We are sitting alone in the kitchen, and he says to me: You have no idea how beautiful she was - you can’t take your eyes off her.
- And now?
- And now do not tear.
- And how did you finally take it?
“Intellect,” he replies without hesitation. “That was my tactic. I came to her house, sat with her mother in the kitchen, talked. And they all gradually got used to me. Then she moved to her grandmother, I began to go there, and also talk, somehow called her for a walk, and she did not refuse ...
- I lived then with my grandmother, her name was Shamiram, so he came to her for me. And we began to sort of decorously-nobly walk. Somehow we walk past the Wedding Palace, and he tells me, listen, Stelka, let's go in and have a look. I was such a fool, come on, I say. And come on, he says, we will submit the documents, this does not oblige you to anything. Surely not obligatory? I ask. Exactly, he replies. Well, come on, I say. We applied and had to wait two weeks. He again - and let's sign it, it won't change anything in your life. I say - definitely will not change? He is, of course, exactly. As you lived with your grandmother Shamiram, so you will live. Well, I agree. I sew for myself - I sewed everything for myself then - a new dress with blue flowers, we come - and the people there recognize him, again - Markarov, Markarov. But everyone thinks that it was he who came to someone's wedding, it was too painful for me to look like a bride, and the three of us came - he, I and a witness. We signed, got out - and suddenly, as all the cars began to beep - these were others who had come to marry, so they congratulated their beloved football player - and I went back to my grandmother. And we continued to meet, as if going on dates to each other. They looked like a couple of months, and then one fine day he told me: if you don’t go to live with me as a wife, I’m going to the left. I say - how is it to the left? This is betrayal. I couldn't bear this anymore. That's how it all happened.
He besieged a small fortress named Stella for almost three years.
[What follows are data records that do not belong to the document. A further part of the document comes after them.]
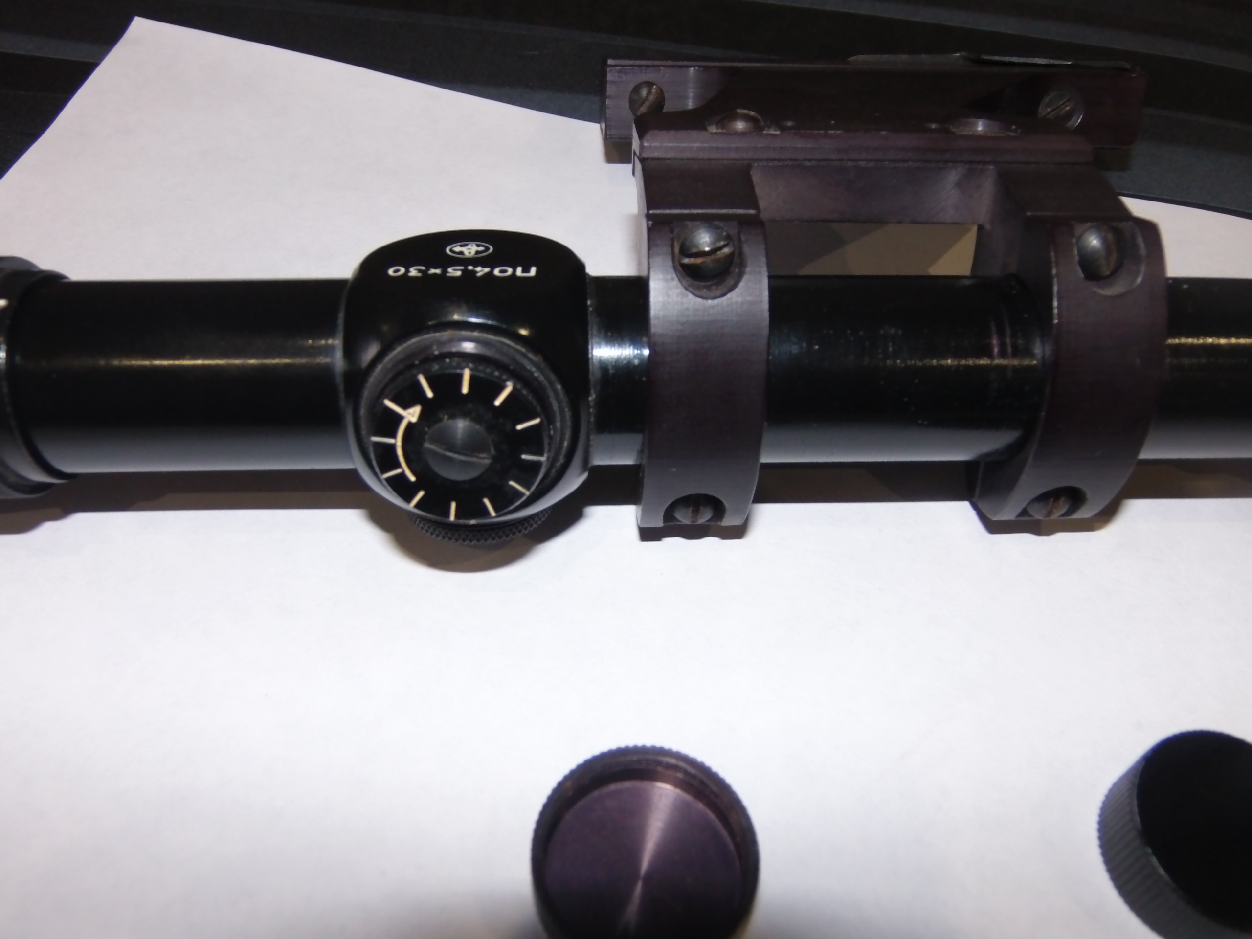 3)Прицел ПО 4,5Х30(отечественный) с боковым кронштейном под планку "Ласточкин хвост"-Б/У в хорошем состоянии
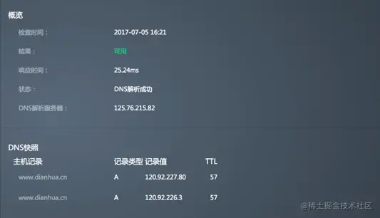 - 概览:包括检查时间、检查结果、响应时间、监测点状态和DNS解析服务器。
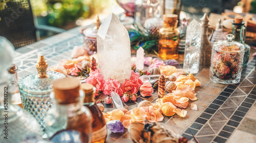 beautiful altar with crystals and rose flowers.
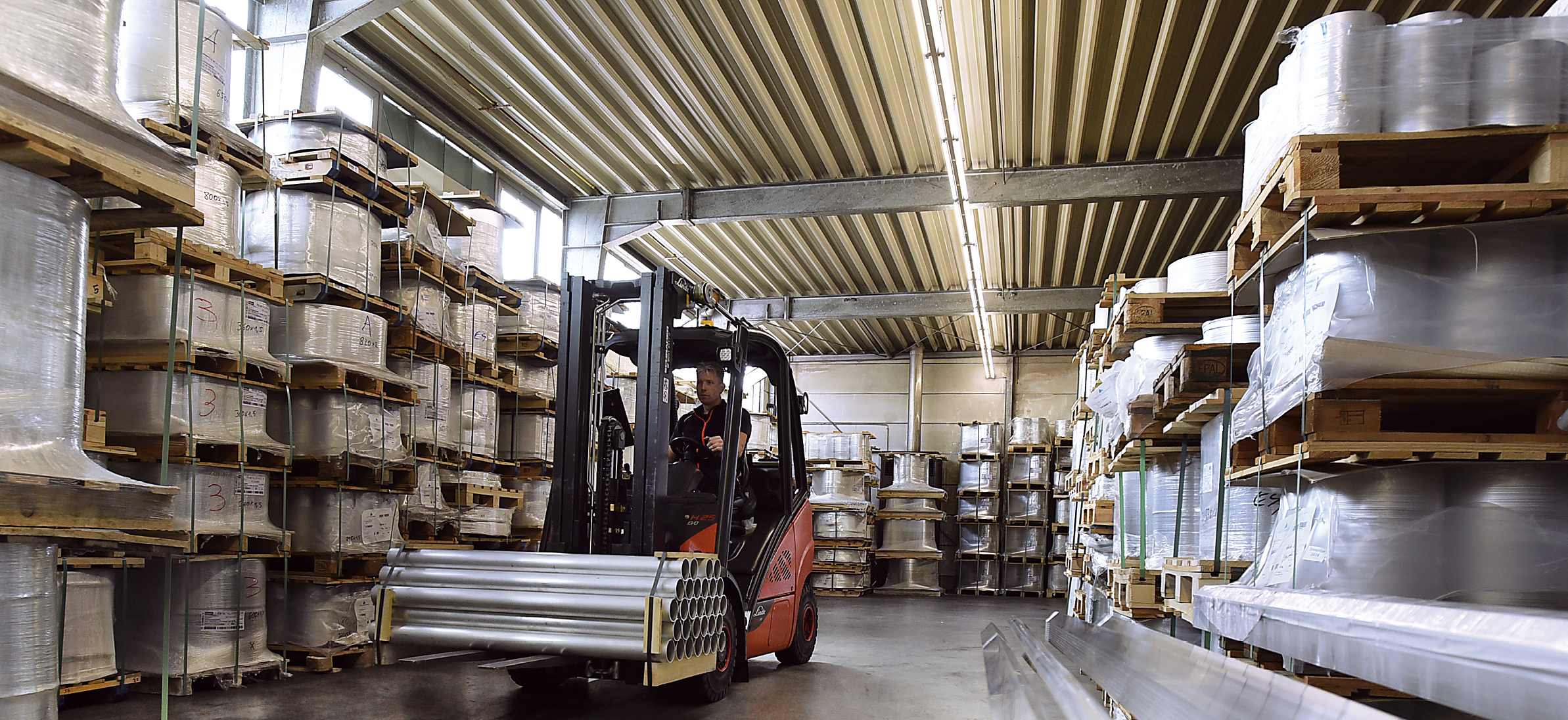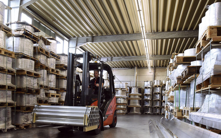 Insgesamt 20 Mitarbeiterinnen und Mitarbeiter beschäftigt das Unternehmen heute und realisierte zuletzt einen Jahresumsatz von 8,5 Millionen Euro: „Aluminium ist zwar kein neuer Werkstoff, aber dennoch ein Werkstoff der Zukunft“, ist sich Thomas Fritz bei seinem Hauptprodukt sicher, denn heute werden viele Dinge aus Aluminium hergestellt, die früher noch mit anderen Werkstoffen verbunden waren. „Es gibt bereits Aluminium-Legierungen, die eine höhere Festigkeit haben als Baustahl,“ verweist Mike Ebing auf immer neue Einsatzmöglichkeiten in der Automotive-Industrie und in anderen Branchen, für deren Anforderungen die beiden Geschäftsführer genauso offene Ohren haben wie für Innovationen in ihrer Stammkundschaft: „Unsere Kernzielgruppen sind Branchen, die leichte, leicht formbare, aber dennoch stabile Produkte herstellen – und zwar in der Lampen- und Leuchtenindustrie, der Lüftungsindustrie, im Maschinenbau, in der Werbebranche, der Verpackungsindustrie, aus dem Messebau sowie in der Bauindustrie.“ Hier liefern die Essener aus ihrem breit gefächerten Lager Aluminiumronden, also vorkonfektionierte Scheiben von 100 Millimetern bis 1,6 Metern Durchmesser, in Stärken von ein bis fünf Millimetern Dicke. „Wir sind der einzige Händler in Deutschland, der Aluminiumronden in dieser Vielfalt und dieser großen Menge frei verkäuflich ab Lager anbieten kann“ – eine Kernkompetenz, mit der FW Metallservice gut 75 Prozent seines Umsatzes generiert. Rund 350 Tonnen in den unterschiedlichsten Rondengrößen und Legierungen mit einem Gesamtwert von rund 1,5 Millionen Euro stehen hier jederzeit lieferbereit.
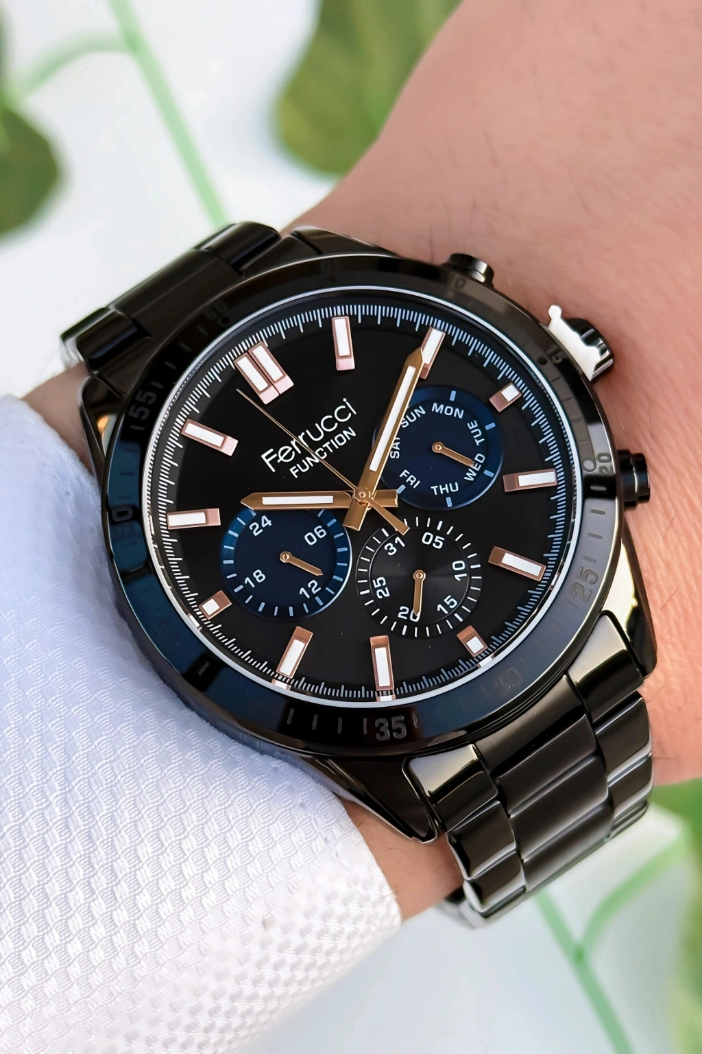 • Ferrucci Function Erkek Kol Saati – Çelik Hasır Kordon, Takvimli, Fonksiyonel ve Hediye Paketli Özel Seçim
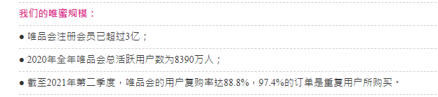 据唯品会官网披露,其注册会员多达3亿,且用户粘性较高。截至2021年第二季度,唯品会的用户复购率达88.8%,97.4%的订单是重复用户所购买。
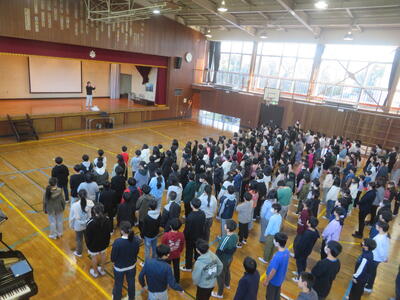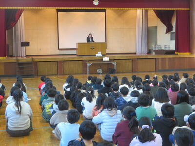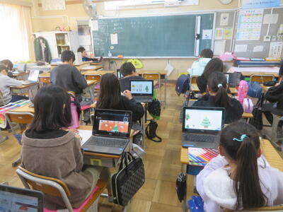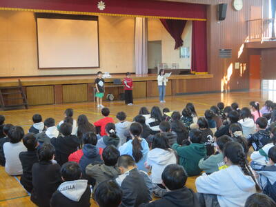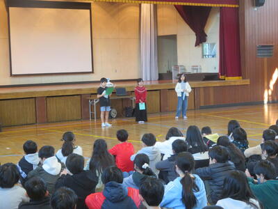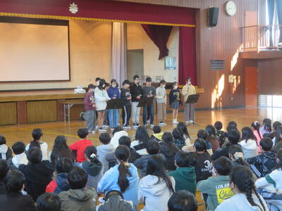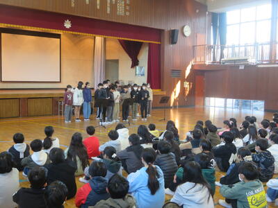 23日(火)は2学期の終業式でした。校長先生からは2学期も行事や勉強など頑張りましたとあり、冬休みにおうちの手伝いをしてくださいねとの話がありました。そして、6年生からハンドベルによる演奏のプレゼントもありました。2学期を振り返ってでは、音楽発表会で頑張ったこと、中学年遠足に行ったこと、マラソン大会で頑張ったことなどを発表してくれました。最後は「ジングルベル」を全校で歌いました。
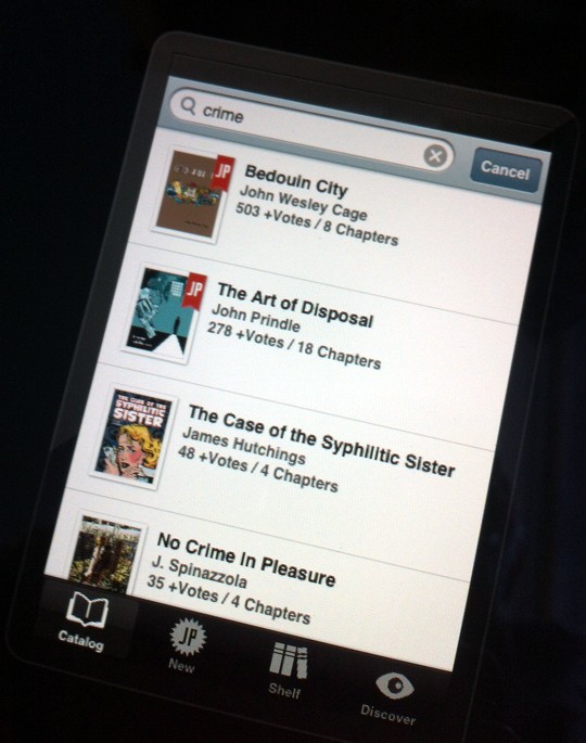 In fact, the site offers fiction across the genres, with about 30 crime stories on the go at the moment. You don’t need a shilling here – chapters are free and the authors are expected to upload a new one every month in order to get paid. If you’ve registered and put a particular ‘book’ on your ‘shelf’ you’ll receive an email notifying you whenever a new instalment has arrived. Or, you could download the JukePop app to your iPhone or Android device, in which case you’ll get a little bleep and a notification whenever a chapter has arrived for a book you’ve shelved.
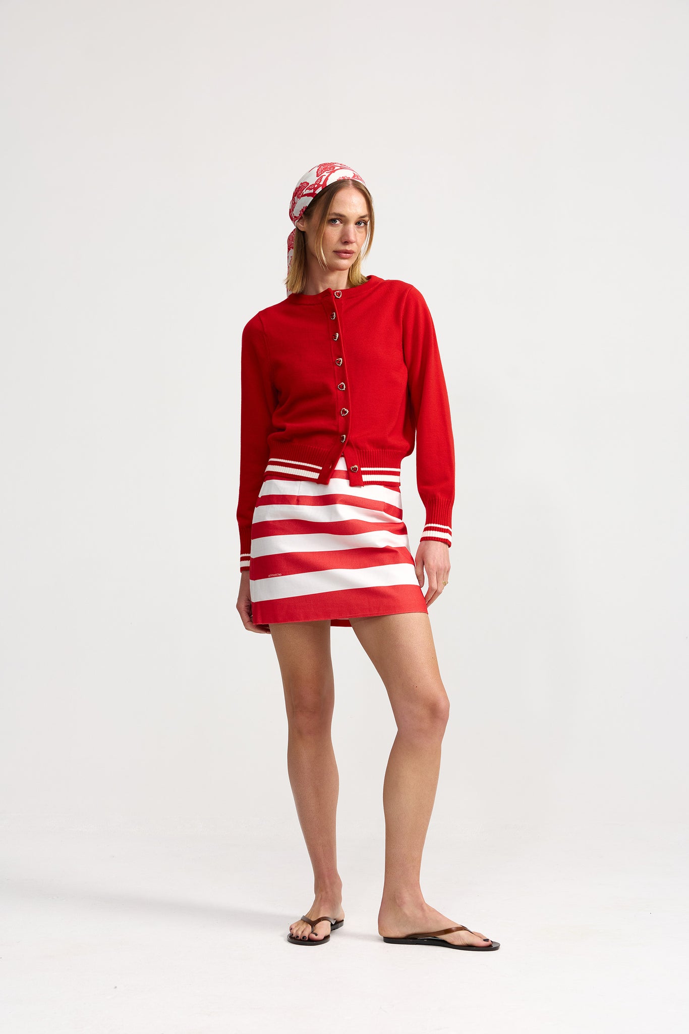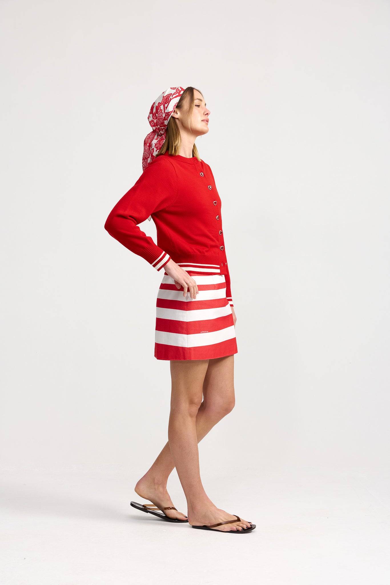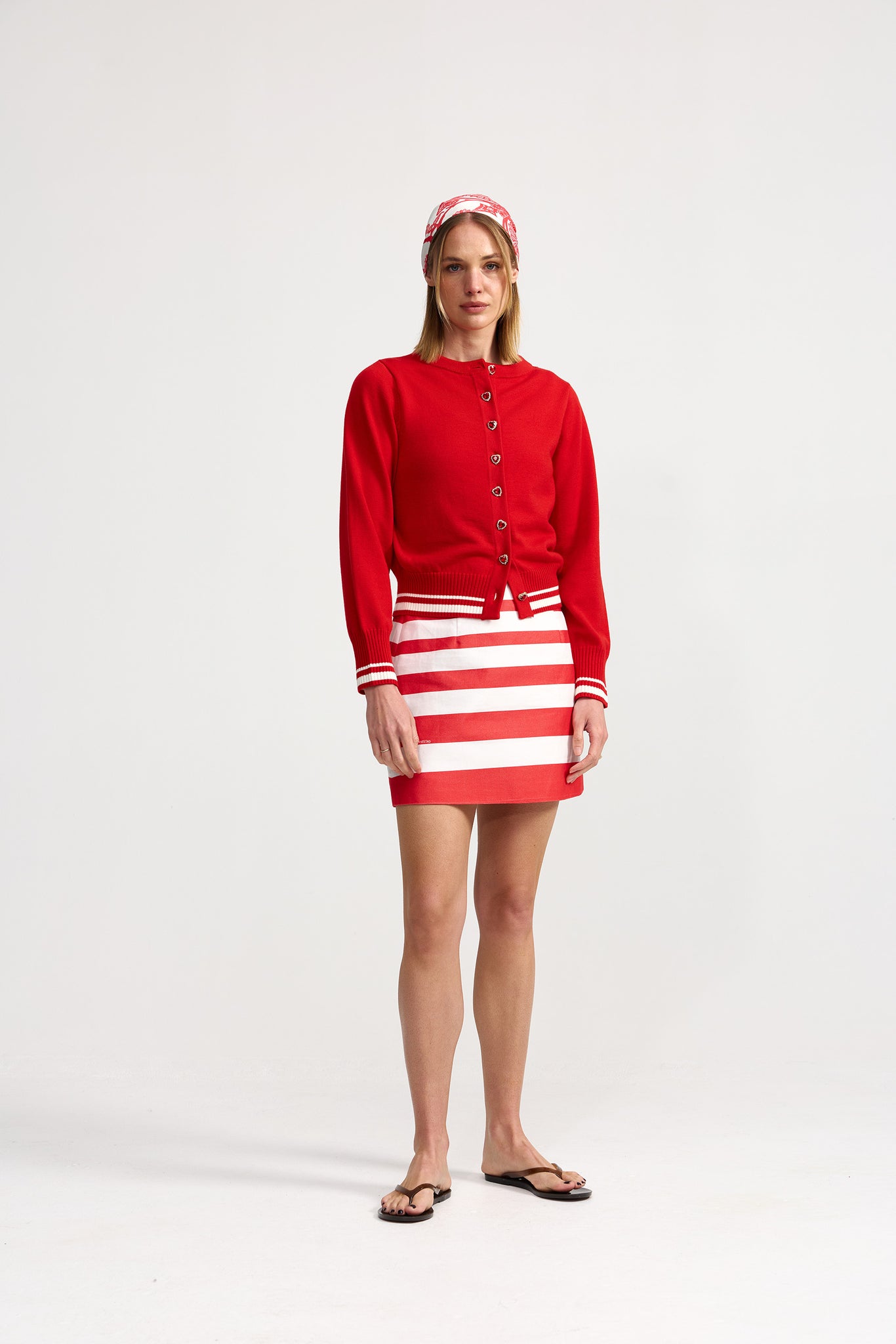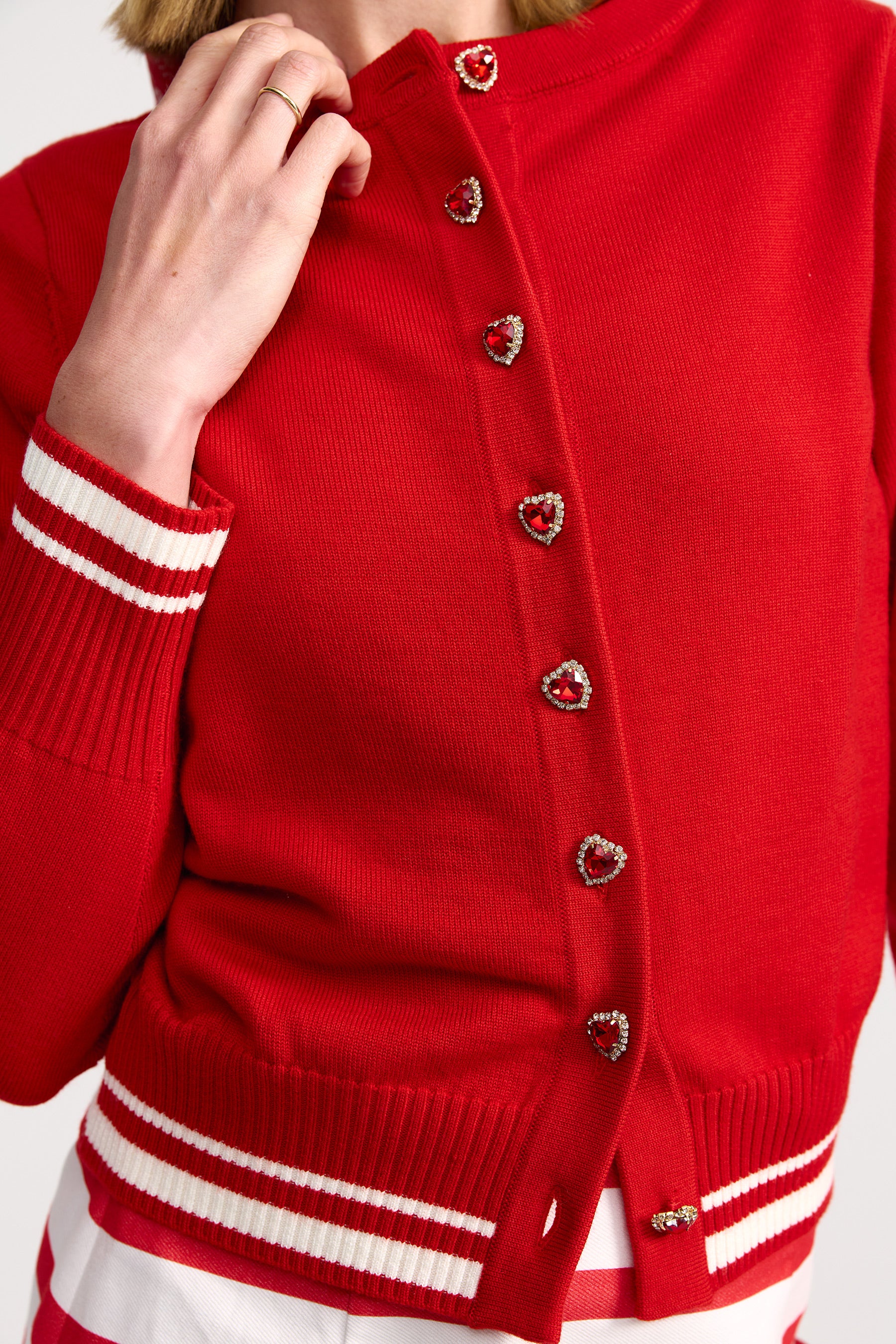 Wrap yourself in effortless style with the Lenora Cardi Ruby Antique. Defined by statement diamante heart-embellished buttons and stripe details, this is the perfect cardi for layering over dresses or tailored separates.

It was forty years ago in a languid, viscous captivating city, where figs grew right in the streets, and the asphalt in summer was dark blue from falling mulberries. The inhabitants of the city then were not divided into nationalities, but were simply called Baku residents. Playing football didn’t need a gaudy uniform, only professionals had cleats with spikes, and shin guards, without which now no boy would go on the field, no one even dreamed of then.
The Markarovs now live in Yerevan. ZIDAN is written in large letters in the entrance of their house. It seems to me that they could also write MARKAROV - and in letters no less.